Because it is 2025 and this is a fast EV, there is of course a special mode. Hit the Magma button and the digital dash morphs into a three-dial layout with motor and battery temperatures, G-meter, lap timer and other nerd sweets, while the head-up display foregrounds speed and critical information. There are Magma-specific drive modes too – Sprint for maximum attack, GT for high-speed cruising and an individual My Mode that lets you tune the e-LSD, ESC, steering, suspension and power distribution like a mildly obsessive race engineer.

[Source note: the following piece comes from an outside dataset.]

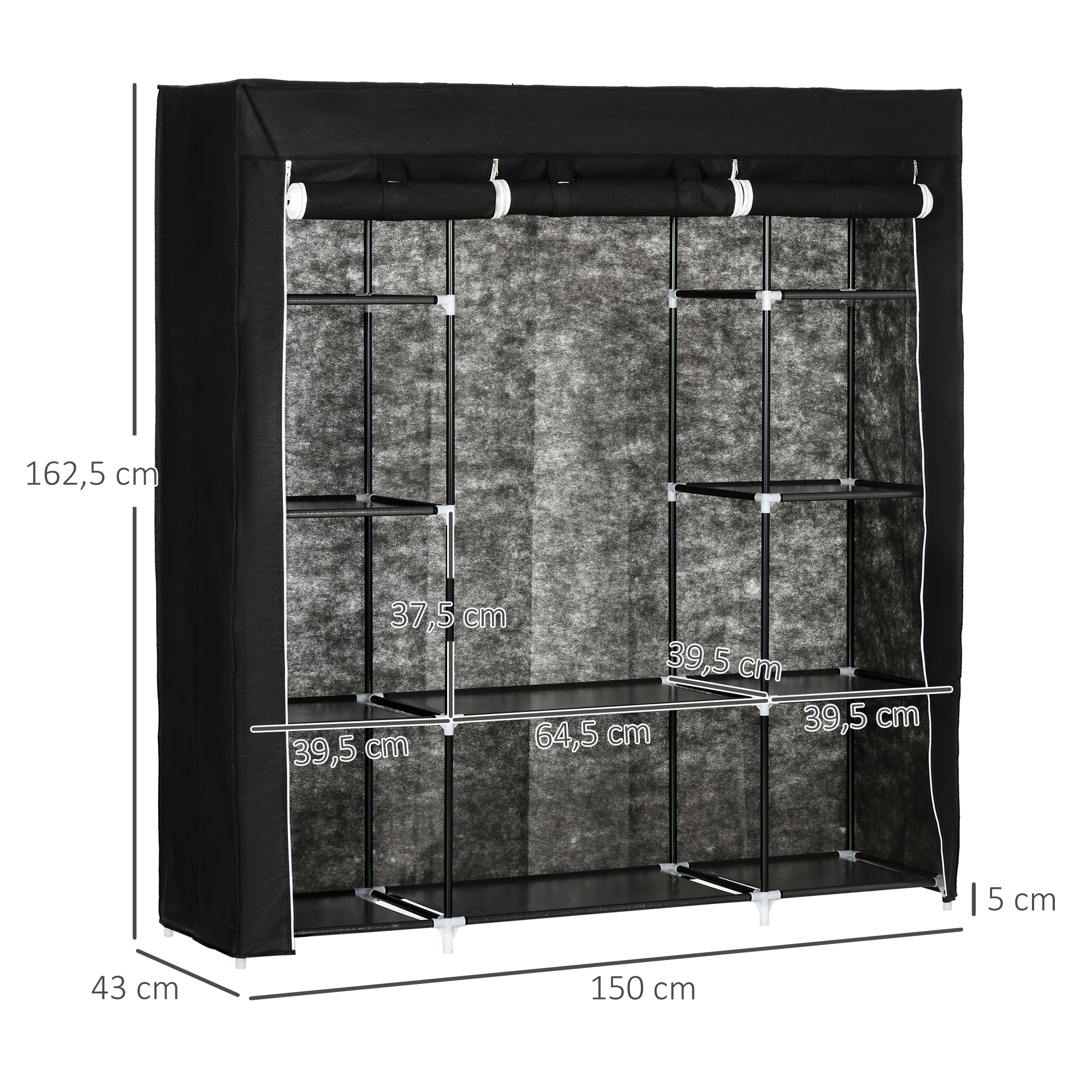 Fabric Wardrobe, Zippered 1 Clothes Rail 10 Shelves, Nonwoven Fabric

Then there is the obligatory Drift Mode, which shifts the balance towards the rear axle and loosens off the electronics, and Hyundai’s rebranded Virtual Gear Shift. Yes, like the Ioniq 5 N and 6 N this is an EV with pretend gears. The idea is to give you the rhythm and timing of an old-school performance car and trick your brain, so the Magma mimics the sensation of a high-revving engine running through fixed ratios, complete with synthesised powertrain sound and a rev limiter. Having tried the 5 N and 6 N extensively, it’s a really cool party trick.

So far, so hot crossover. But the loud orange car is only half the story.

Genesis is very aware that everyone already has a performance sub-brand. BMW has M, Mercedes has AMG, Audi has RS, Hyundai itself has N. The world is not tragically short of badges for making cars go faster. So rather than pitch Magma as yet another “our Nürburgring time is better than your Nürburgring time” operation, the Koreans are trying to frame it as something broader.

Internally, they talk about Magma as the brand’s “superhero alter ego”, which will have some reaching their fingers to the backs of their throats. The existing design mantra is “Athletic Elegance”; Magma adds “Luxury High Performance” on top. And a new badge so you know this is the go-faster brand. But there is proper motorsport activity too. And the other half of the plan wears slick tyres and a big rear wing.

Alongside the road car programme, Genesis is launching Genesis Magma Racing – an endurance racing outfit that will run an LMDh prototype in the World Endurance Championship from 2026. The logic is familiar. Endurance racing is brutal on cars and provides useful data for performance projects. And Genesis has shown some punchy, fast concepts.